I chased that dream too. I finished my first novel just after I turned sixteen, and my second before my eighteenth birthday, and I wrote every night for years. That dream bit the dust somewhere along the road, and so did a succession of smaller dreams - I'd query agents before I hit eighteen, I'd at least have a complete, polished manuscript by then, I'd I'd I'd ...

Number of dreams hit: 0.

Ultimately, I think I was hooked on specialness. As a teenage writer with two novels under my belt, I was exceptional. ("You're how old?") Once I got kicked out into adulthood, I wasn't an exception any more: I was just one among millions of adult writers.

The train has now pulled in to grown-up station, and I'm happy to report that my destination is not as scary as it once seemed.
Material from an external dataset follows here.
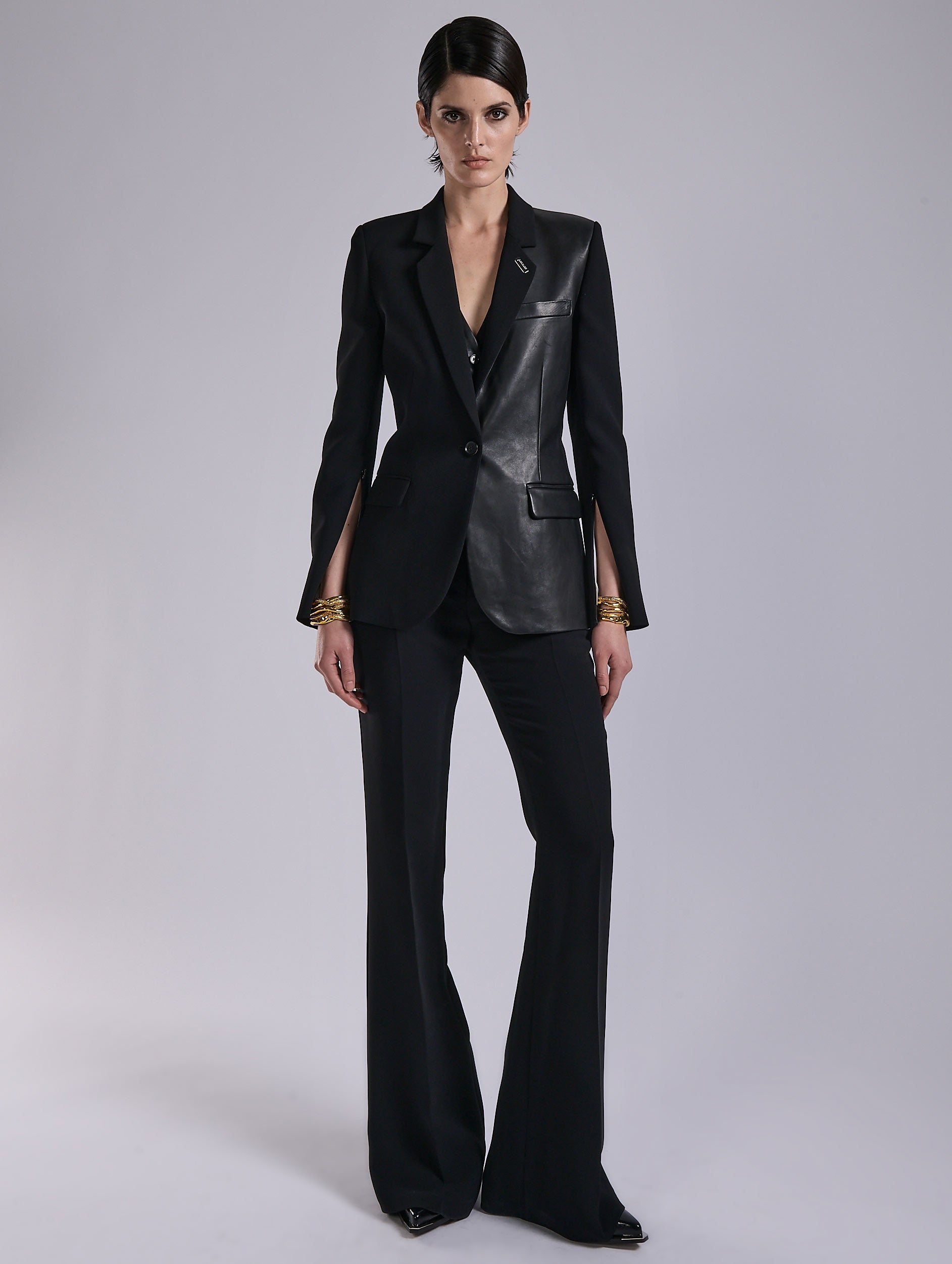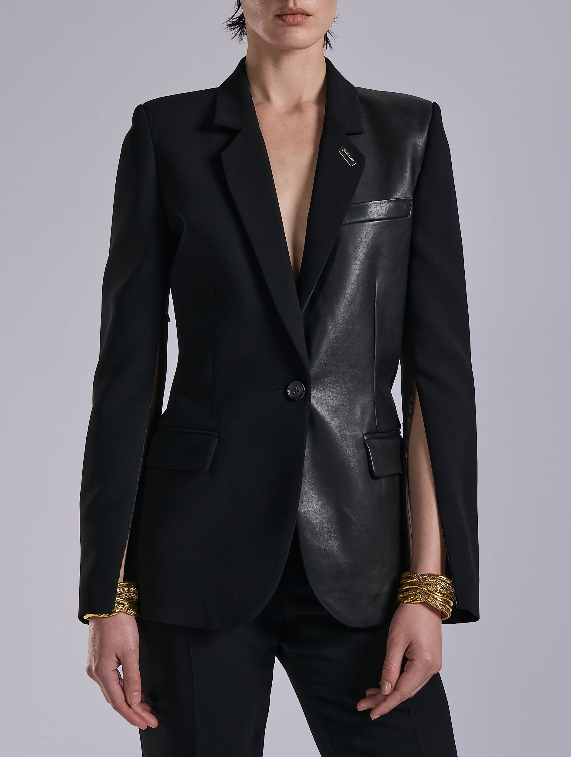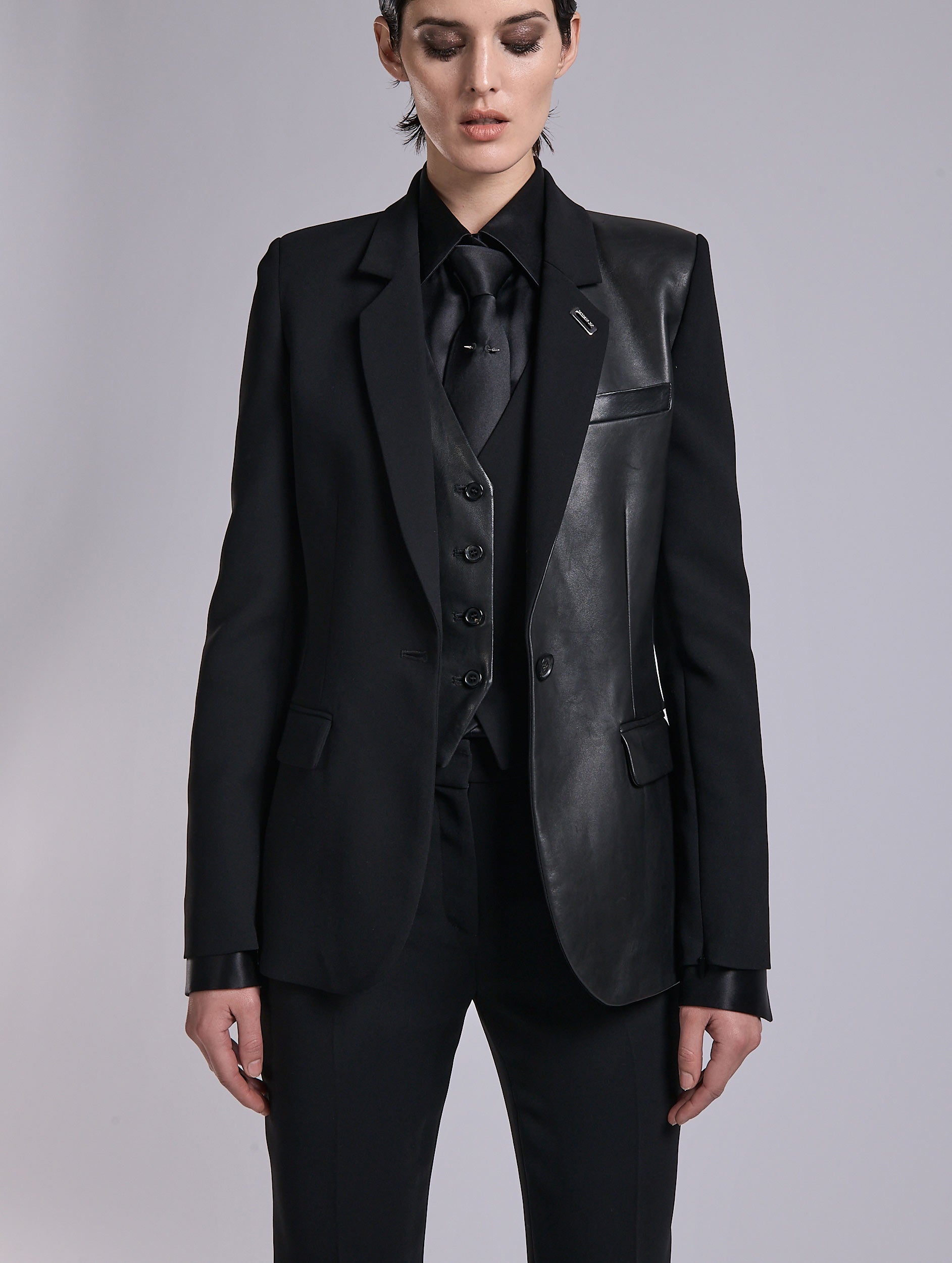 This tailored blazer plays with contrast in a bold duo of black crepe and smooth leather — a testament to our atelier’s tailoring expertise. Its “sharp and cut” fitted shape enhances the silhouette, while the mix of materials adds visual depth and a bold statement. Worn directly on the skin or over the matching waistcoat, this fitted blazer embodies sharp and daring femininity. Its zipped cuffs, punctuated with discreet buttonholes, allow total freedom of wear. Our signature piercing detail and a Milanese loop in silver metal complete this singular piece, emblematic of the house’s liberated and rock-inspired wardrobe.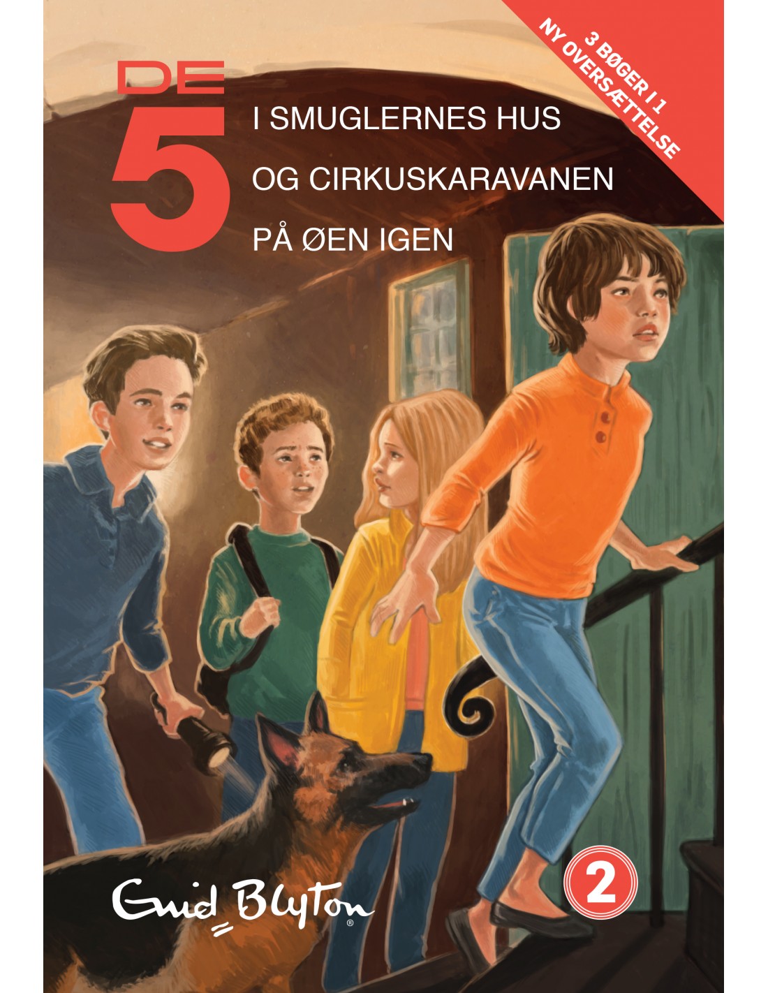 Et samlebind med tre spændende historier om De 5, der består af Julian, Dick, Anne, Georg og hunden Tim. Sammen kommer børnene ud for mange eventyr og gådefulde mysterier. Ligegyldigt hvor de befinder sig, oplever de noget spændende! DE 5 I SMUGLERNES HUS Et stormvejr ødelægger Kirrinhyttens tag, og De 5 må holde deres ferie hos en af Georgs fars kolleger. Børnene bliver gode venner med husets to børn, Sorte og Marybelle, og sammen går de på opdagelse. Men også andre lusker omkring. Der er skumle ting på færde. DE 5 OG CIRKUSKARAVANEN De 5 får lov at tage på campingtur alene! De rejser efter et cirkus og glæder sig til at komme på eventyr. Da de slår sig ned i nærheden af cirkusset, bliver de venner med drengen Ned og hans chimpanse Pongo. Men to af artisterne kan ikke lide børnene og prøver med al magt at få dem til at rejse. Det er meget mystisk, og De 5 tager selvfølgelig kampen op. DE 5 PÅ ØEN IGEN Georgs far arbejder på nogle tophemmelige forsøg, og han flytter sine eksperimenter til Kirrinøen for at have dem i fred. Han tager Tim med sig som vagthund. Da Tim en aften forsvinder, bliver Georg sikker på, at der er noget helt galt. Kan De 5 løse gåden og forhindre, at onkel Quentins resultater bliver stjålet?

Lessons I've learned about and since the teenage writing years:
  1. Being a young writer is only meaningful as a way to get to being a good writer. You don't need to be young to be good.
  2. Not having reached my dream doesn't mean I didn't work hard enough: it certainly doesn't mean I'm a failure.
  3. There are other kinds of specialness.
  4. Keep dreaming. If you don't make it, update your dream to something more possible.
What about you? Have you missed out on any dreams and had to reframe them? Are you dealing with not being special any more?

11 comments:

  1. I am still grabbing at that dream of being published before I leave high school. Honestly, though, I don't have the same desperate urgency to do it that I did ten months ago. It's fading more every day because, at this point, writing means so much more to me than proving anything to anyone. I realize how hard starting my career as an author during my senior year of high school would be. Do I still want to do it? Yes. If I have to wait? That's fine.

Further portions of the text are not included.